Roach acted as her own contractor, hiring out local help, standing in line for permits and paperwork.

She moved back in October 2008, and carefully set up a Christmas tree in the window that December, although she was the lone resident on the block.

“Maybe she was lighting up the street for the neighbors to make their way home,” her daughter said.

Mancillas, a Galveston native, had weathered many storms on the island in her 81 years and had never seen water in her home.

“We thought we would be all right,” said Mancillas, known for her quilting skills and quiet faith.
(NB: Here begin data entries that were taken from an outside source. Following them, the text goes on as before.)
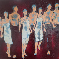 Keywords: movement painting, French contemporary art, dance inspired artwork, Corinne Malfreyt canvas, expressive ensemble composition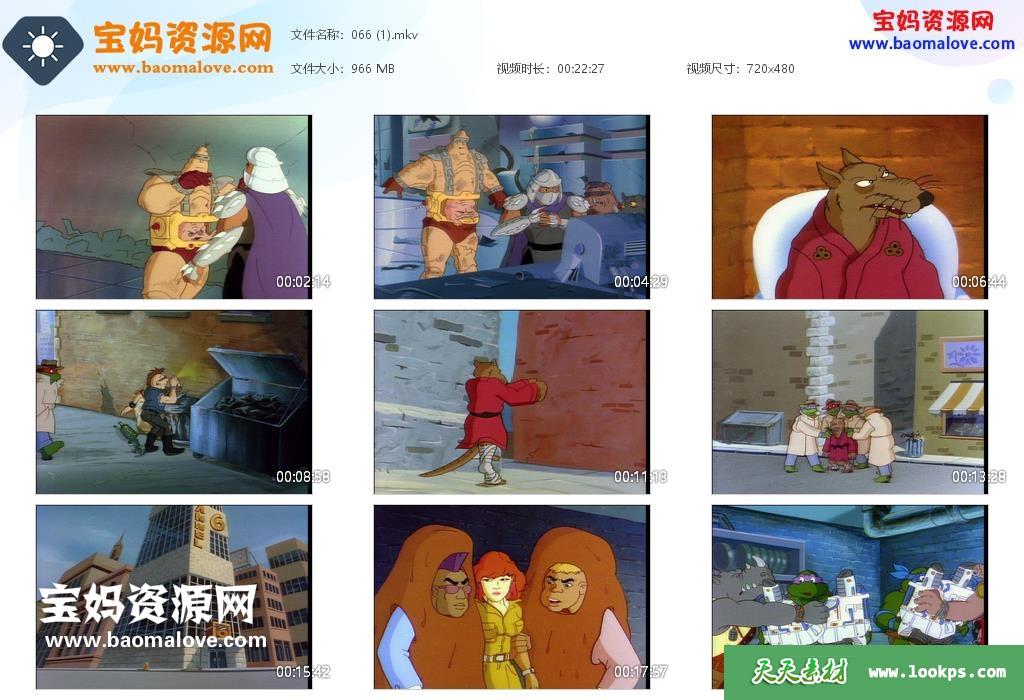 天天资源网收录的动画片《忍者神龟 Teenage Mutant Ninja Turtles》第四季,全部39集,国英双语发音,无字幕;每集大小900M,资源总大小35.3G,单集播放时长约22分钟,480P标清MKV格式,可以在电视机或电脑、平板、IPAD、早教机、手机等各种设备播放,提供百度云网盘下载。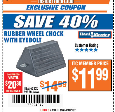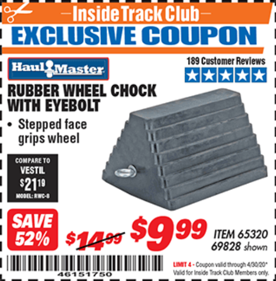 ITC HAUL-MASTER WHEEL CHOCK WITH EYEBOLT Lot No. 69828 Expired: 2/29/20 - $9.99 Coupon Code: '54706215'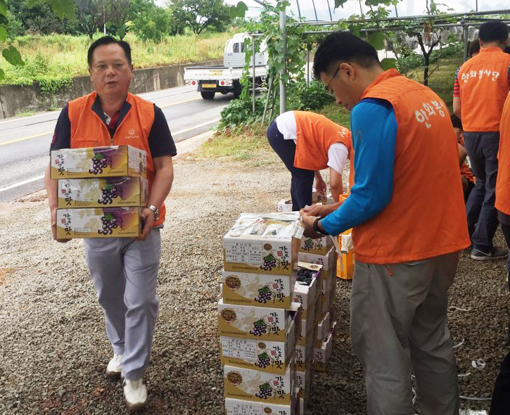 ㈜한화(대표이사 박재홍)는 지난 26일, 충남 천안시 서북구 입장면을 찾아 농가 포도 수확을 돕고, 수확한 포도를 농가로부터 직구매하여 중구 및 서대문구 지역 내 어르신들에게 기부하는 도농연계 사회공헌활동을 펼쳤다.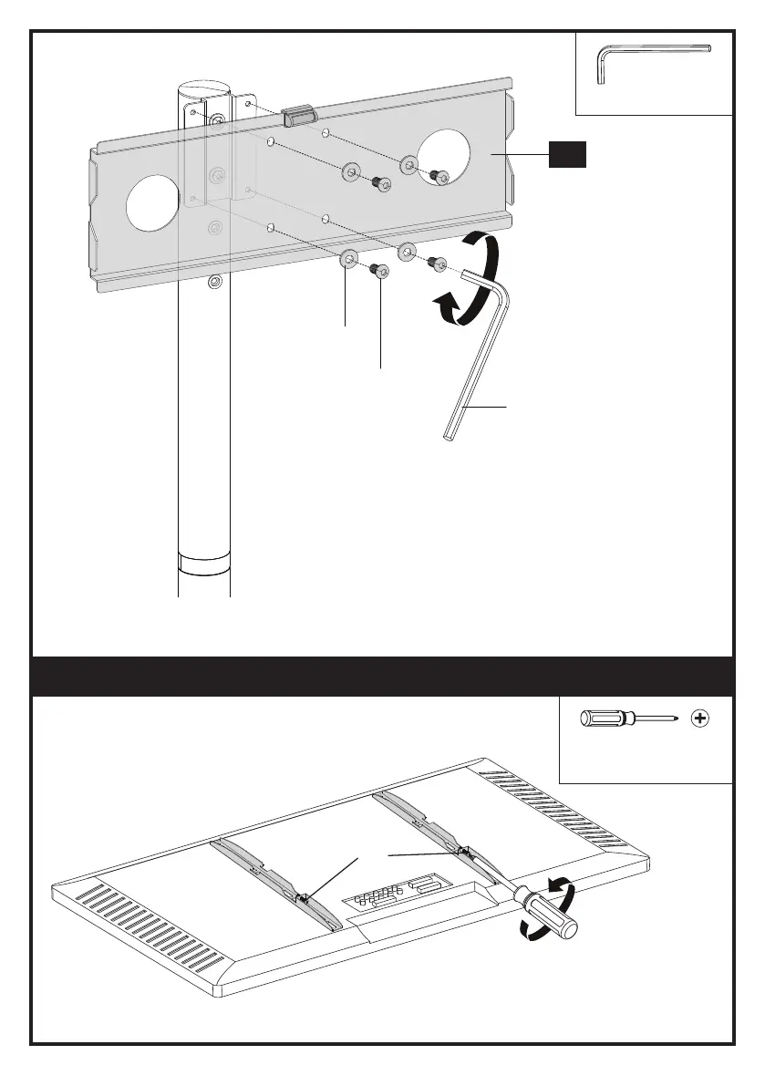 Secure the TV plate [09] to the upper pole [07]. Make sure the TV plate is leveled.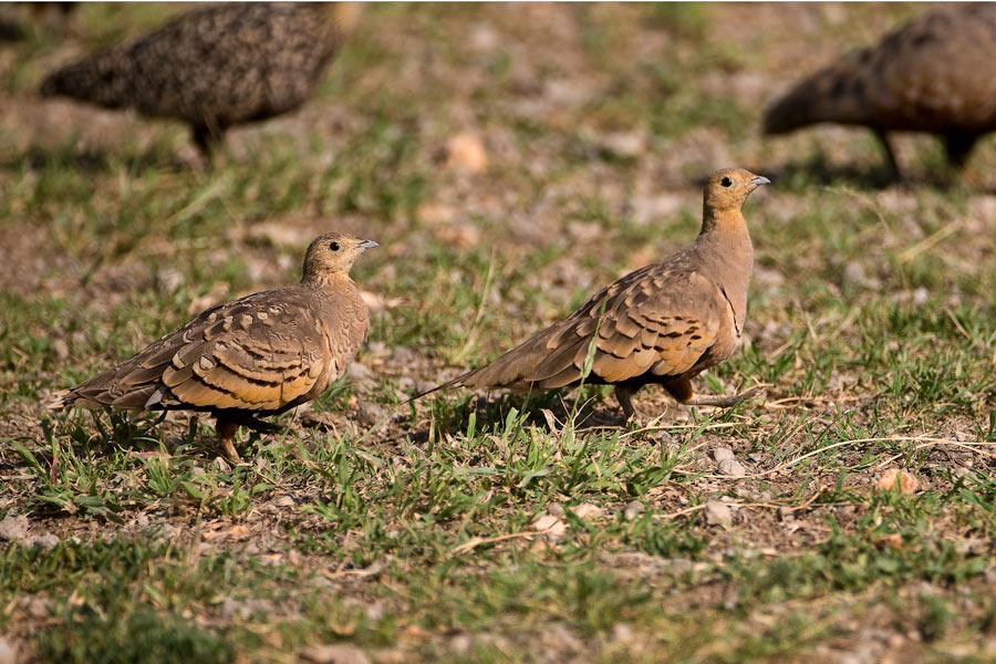 Beskrivelse: Bemærk forskellen i tegning på de to fugle. Er det forskellen mellem frisk og slidt dragt eller forskellen mellem yngre og ældre fugl?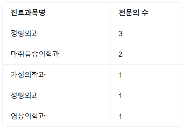 | 내과 | 외과 | 흉부외과 | 신경외과 |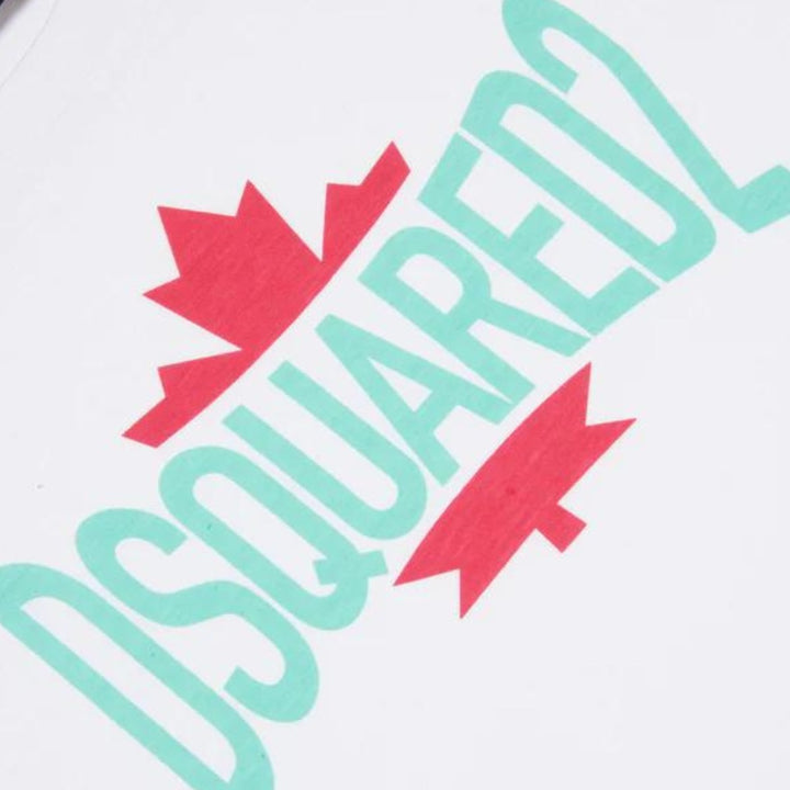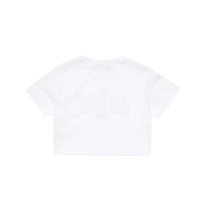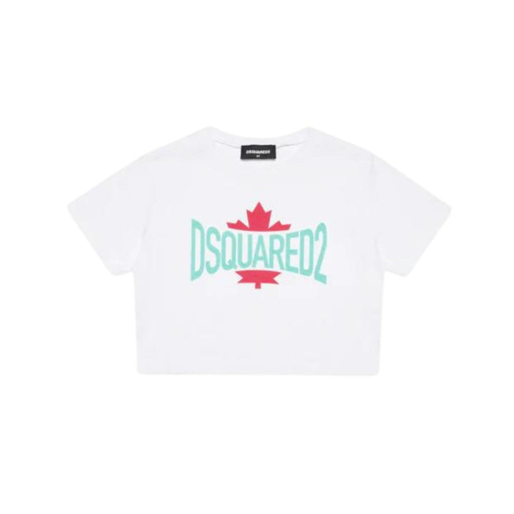 Cropped crew-neck T-shirt in short-sleeved jersey. Featuring a Dsquared2 logo with contrasting color leaf graphic on the front. Made of 1% cotton. An ideal garment for extremely feminine casual looks.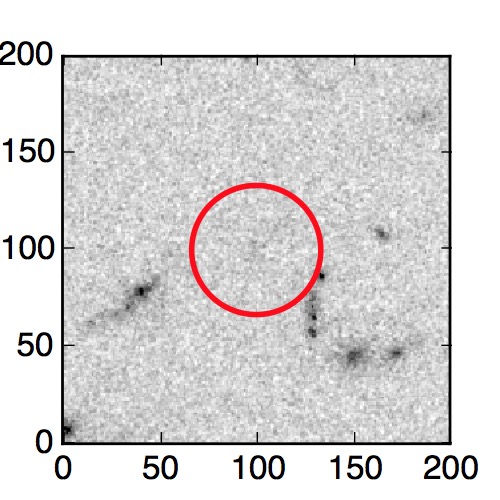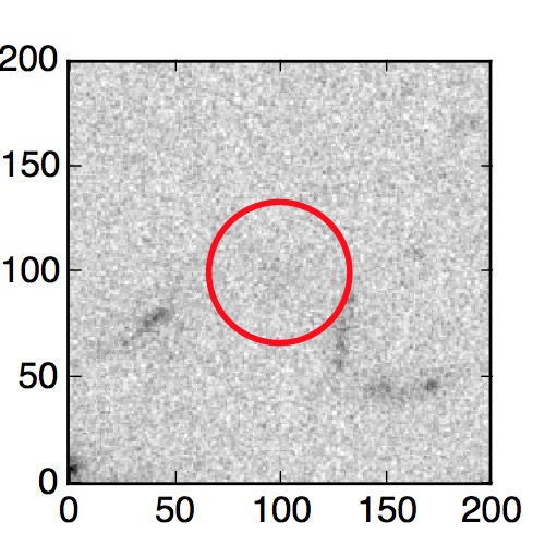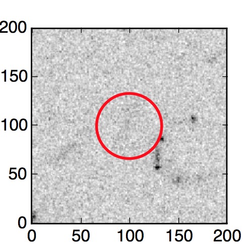 The red circle in the various panels is 1" in radius. The images are 6"x6".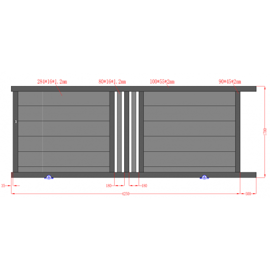 ! La largeur indiquée est la dimension de passage entre piliers et non la largeur totale du portail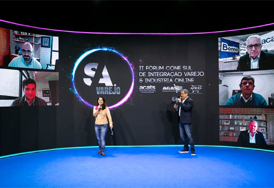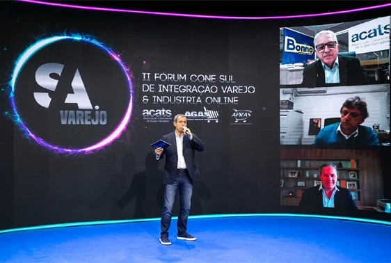 O encontro virtual foi realizado por SA Varejo em parceria com as três associações estaduais do setor supermercadista: Apras, Acats e Agas, representadas na plateia virtual por seus respectivos presidentes: Carlos Beal (no telão, último abaixo), Francisco Crestani (primeiro acima) e Antonio Cesa Longo. “Este evento é uma oportunidade de discutirmos como colocar, de fato, os consumidores no centro dos negócios”, reforçou Sergio Alvim, CEO da SA Varejo (na foto acima, em pé, no estúdio).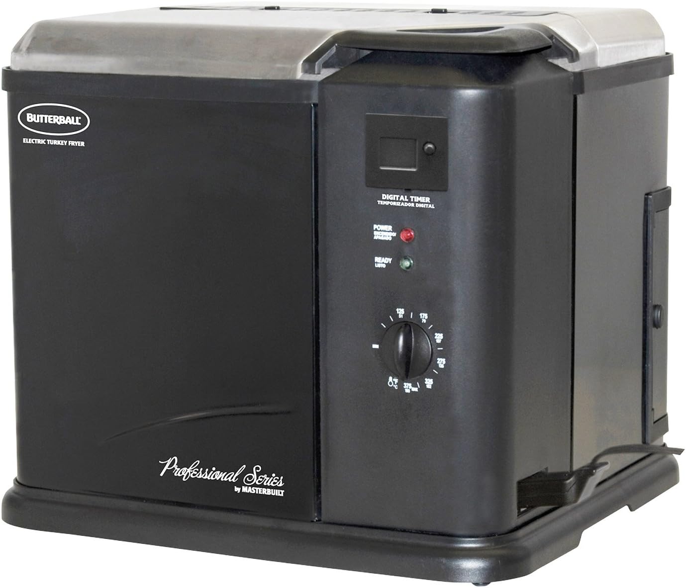 Figure 1.1: The Masterbuilt Butterball Professional Series Indoor Electric Turkey Fryer, showcasing its black finish and control panel.
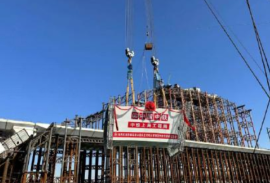 隨著現場一聲令下,吊裝作業開始展開,只見龐大的的拱肋節段在柔性吊裝帶的牽引之下緩緩升起在多方的監控下緩緩移動,進行位置的調整,最終該拱肋精準落位,為永定河特大橋的主體結構完工打下了基礎。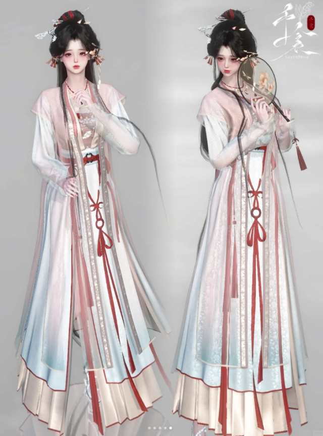有宋制禅意风,红粉白三色搭配在一起,婉约动人~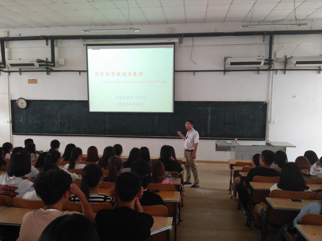 9月22日下午在博学楼C205教室,商务外语系党支部书记迟尧林主任以《用中国梦激扬青春梦》为题,为2017级新生们上了内容丰富、趣味盎然而又充满哲理与思辨的“开学第一课”,支部部分党员、辅导员以及2017级280名同学参加了本次活动。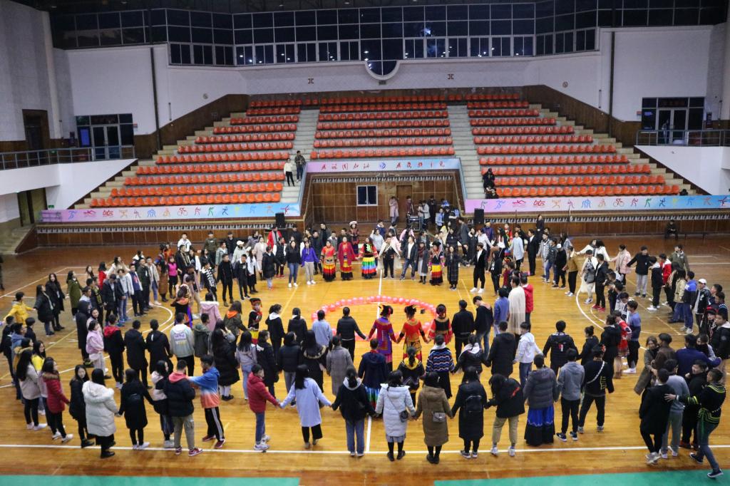 晚会结束后,现场观众和嘉宾还在体育馆一起欢跳彝族舞。首先是欢跳达体舞,来自不同民族的老师和同学在彝族同学的带领下手拉着手站成几个圈,跟随着音乐的节奏摆动起来,齐跳达体舞,感受其过年的气氛。现场师生还一起跳起了彝族舞蹈阿诗且和蹦迪舞32步,现场气氛再次达到高潮。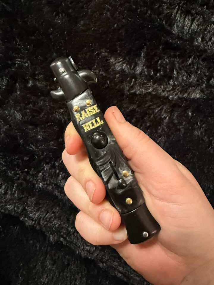 hand painted custom blade with flames and raise hell art. allow 7-12 business days to ship! thank you for your support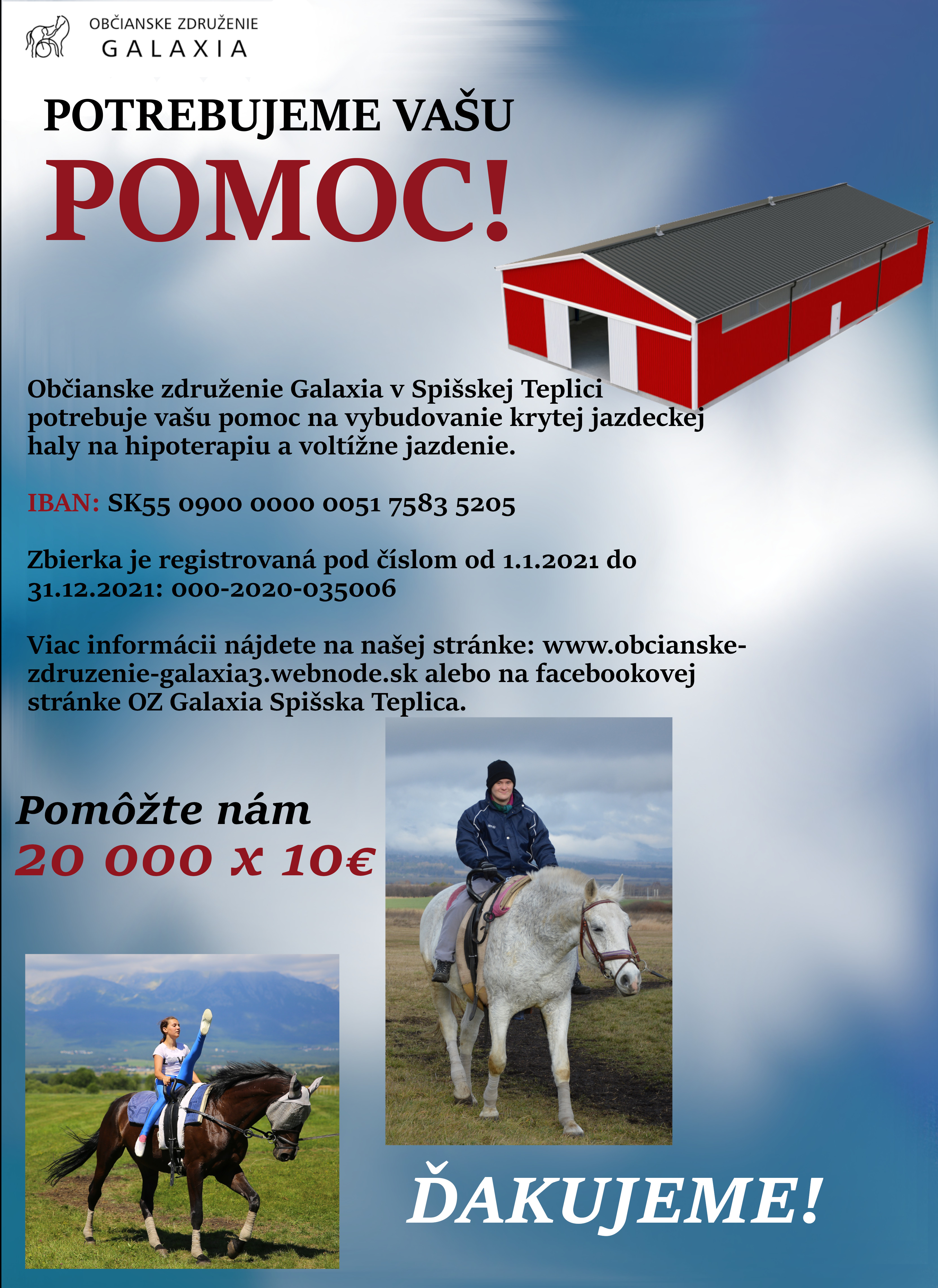 Občianske združenie Galaxia by chcelo získať finančné prostriedky na výstavbu krytej jazdiarne na hipoterapiu pre handicapovaných, a na voltížne jazdenie, pre rozvoj športových aktivít detí a mládeže na vykonávanie počas celého roka.
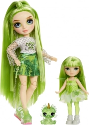 Intră în lumea fanteziei cu păpușa Rainbow High Micuța soră zână Emerald, într-un stil verde strălucitor. Include un animăluț care poate purta aripile ei și accesorii pentru nenumărate schimbări de ținută. Picioarele transparente, cu o ușoară tentă de culoare, se asortează perfect cu părul lung verde și detaliile sclipitoare ale outfitului.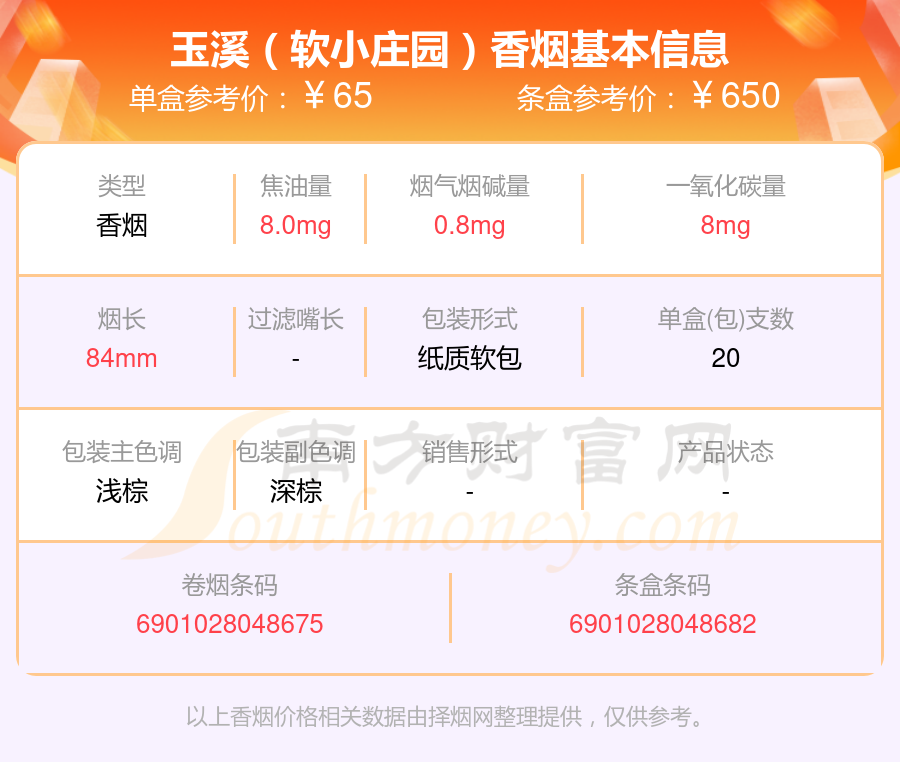 擇煙網(wǎng)為大家盤點(diǎn)了65元左右的玉溪香煙,有玉溪(軟小莊園)、玉溪(硬大成)、玉溪(莊園)細(xì)支、玉溪(100細(xì)支釣魚臺(tái))等,詳細(xì)價(jià)格如下:

She led Bible studies for the Christian Women’s Club, meeting weekly at Roach’s house.

The storm surge pushed 4 feet of water through the house her husband, the late Julio Mancillas Jr., built in 1957.

In the aftermath of the storm, she developed bronchitis.

Mancillas would be out of her home for 10 months, living with her daughter in Bryan while friends and family cleaned out the house and repairs were made. Now, she is once again leading Bible studies and quilting.

She stitched Isaiah 43:1 onto a quilt constructed in memory of Ike — “When you pass through deep waters, I will be with you; your troubles will not overwhelm you.”